DATA BLOCK>
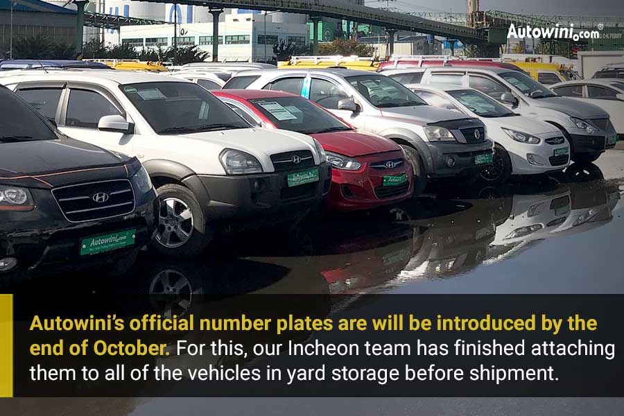 Autowini’s official number plates are will be introduced by the end of October. For this, our Incheon team has finished attaching them to all of the vehicles in yard storage before shipment.
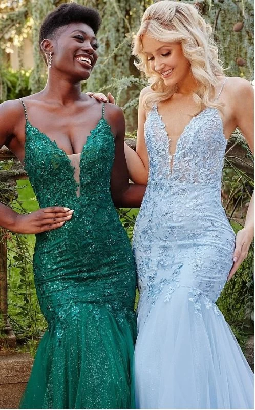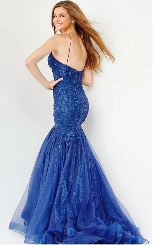 JVN by Jovani JVN07398 navy prom gown is fashioned in tulle over glitter tulle, with a deep plunging neckline, beaded spaghetti straps, and an open back. Beaded floral embroidery stretches over the bodice to mid-thigh of this trumpet silhouette formal dress, finished with a horsehair hem and a semi-chapel train.
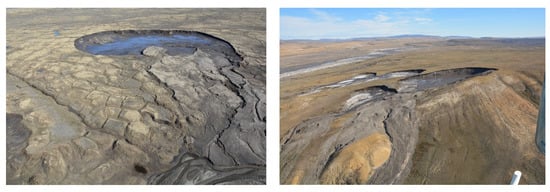 | [33] | Active geomorphological features in permafrost terrain. They consist of steep ice-rich headwall and a mudflow of a gentle gradient. | Banks of northern rivers | |
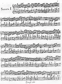 Each sonata displays the melody and bass lines—with the expectation that a competent keyboard player would supply the omitted inner parts based on the figured bass markings. By modern-day standards, the music in the publication has a primitive appearance—with squashed notes and irregular spacings, stems and bar widths—as can be seen in the image of page 1 (reproduced below in this article).

PROBLEM TO WORK ON> A verbatim copy of the material, pictures excluded, is what must be produced.

RESPONSE BOX>
 Autowini’s official number plates are will be introduced by the end of October. For this, our Incheon team has finished attaching them to all of the vehicles in yard storage before shipment.
 JVN by Jovani JVN07398 navy prom gown is fashioned in tulle over glitter tulle, with a deep plunging neckline, beaded spaghetti straps, and an open back. Beaded floral embroidery stretches over the bodice to mid-thigh of this trumpet silhouette formal dress, finished with a horsehair hem and a semi-chapel train.
 | [33] | Active geomorphological features in permafrost terrain. They consist of steep ice-rich headwall and a mudflow of a gentle gradient. | Banks of northern rivers | |
 Each sonata displays the melody and bass lines—with the expectation that a competent keyboard player would supply the omitted inner parts based on the figured bass markings. By modern-day standards, the music in the publication has a primitive appearance—with squashed notes and irregular spacings, stems and bar widths—as can be seen in the image of page 1 (reproduced below in this article).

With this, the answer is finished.